((( [logo]Racket )))Need Help?
AboutDownloadDocumentationPLaneTCommunityLearning

[plt-scheme] SCRIPT elements & evaporating CDATA sections [was RE: html in servlets]

From: Anton van Straaten (anton at appsolutions.com)
Date: Sun May 16 20:43:41 EDT 2004		 
I wrote:

> You can do something similar in plain code without XML boxes:
>
> `(script ([type "text/javascript"])
>    ,(make-comment "
>       if (a < b)
>         a = b;"))
>
> This isn't ideal.  I'll post a separate message about that.

This turns out to be a messy business.  To prevent characters in script code
from being escaped, make-comment is probably the most pragmatic solution,
other than using external script files.  (Unless I missed a way to protect
content from being escaped.)

Make-comment doesn't work in the case of read-xml, though.  In that case,
you can use an HTML <!-- comment --> to wrap a script, but this requires
that read-comments be enabled via (read-comments #t).

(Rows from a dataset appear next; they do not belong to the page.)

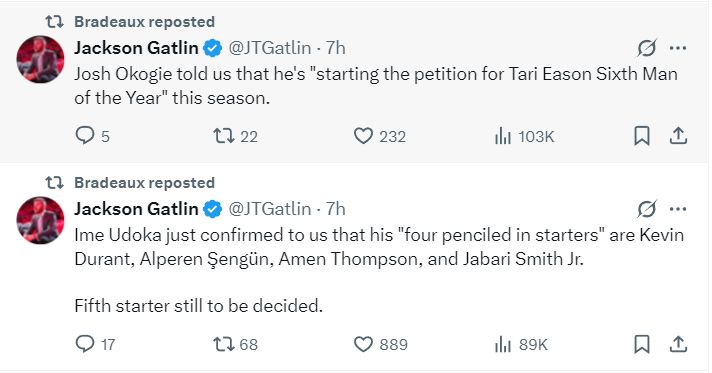 训练后约什-奥科吉也接受了火箭队记加特林的采访,奥科吉表示他新赛季的目标是冲击最佳第六人。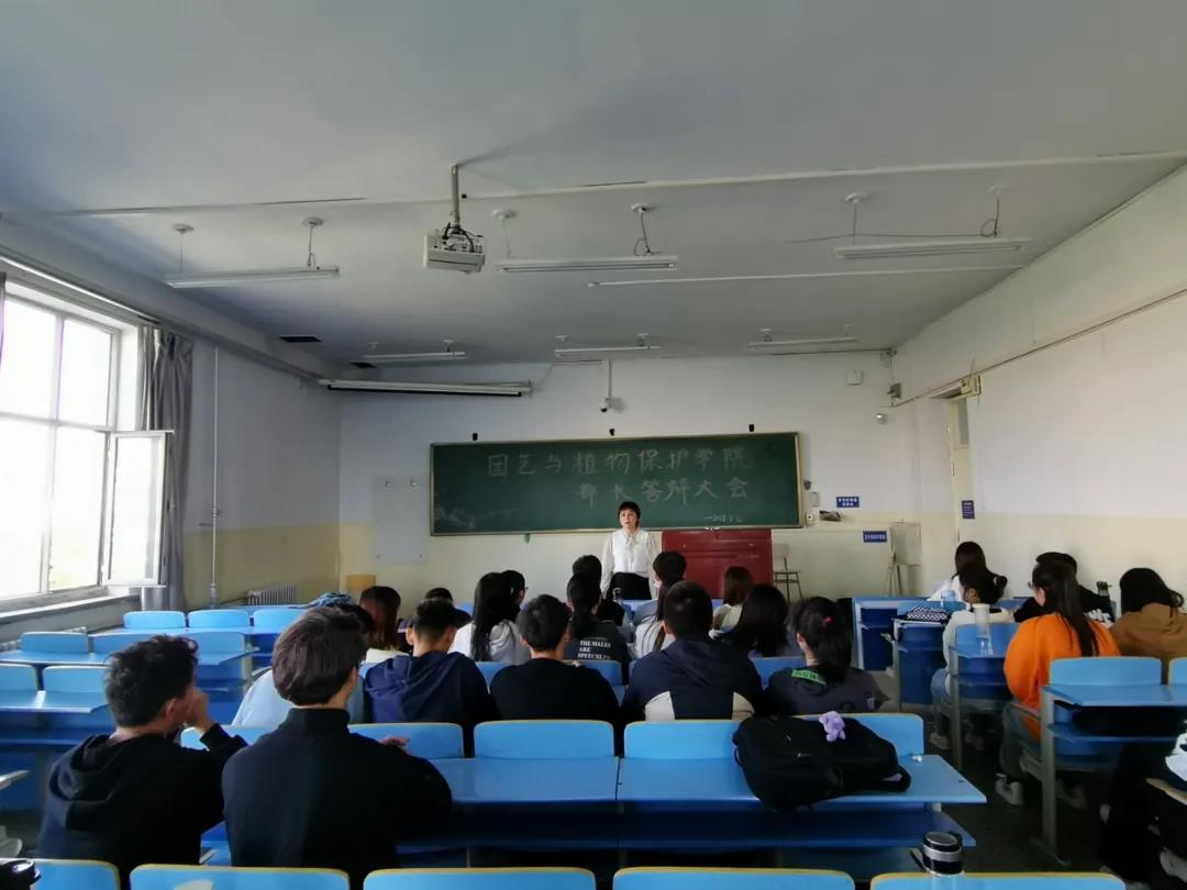于东主422举行学生会部长换届选举答辩会。团委老师郝凤英、学办老师尤丽、专职辅导员老师王荣以及各部室部长担任评委,30位候选人参与了本次答辩。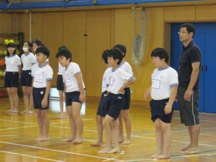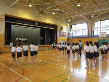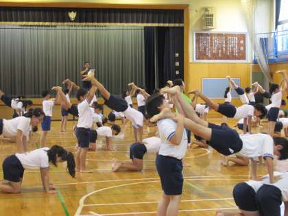 高学年の子たちが運動会に向けて組体操の練習をしています。

I have a suggestion for a way to address this more consistently and (in some
cases) conveniently, although I don't think it ought to be a high priority.
Since I went to the trouble of looking into it, though, I went ahead and
wrote it up.

Here's a table of some of the ways to create xexprs (rows) vs. the ways to
wrap script code (columns), with the cells specifying whether a combination
succeeds or fails with xml.ss:

                 CDATA     <!-- script -->  make-comment
                ---------  ---------------  ------------
XML box:         fail [1]     fail [3]         OK
read-xml:        fail [1]     OK   [4]         n/a
direct xexpr:    fail [2]     fail [3]         OK

[1] Entities escaped
[2] CDATA section not creatable; entities would be escaped anyway
[3] Comment stripped
[4] Requires (read-comments #t)

The XHTML DTD says that the SCRIPT element has PCDATA content, but browser
script engines can't handle HTML entity references in script source code.
If entities are escaped in script source code, the script will fail in a
browser.  This is described at:
http://www.w3.org/TR/xhtml1/#h-4.8

The suggested solution is to wrap the script in a CDATA section.  This
doesn't work with xml.ss, though, because the CDATA wrapper is eliminated at
read time, so when the XML is regenerated, characters are escaped.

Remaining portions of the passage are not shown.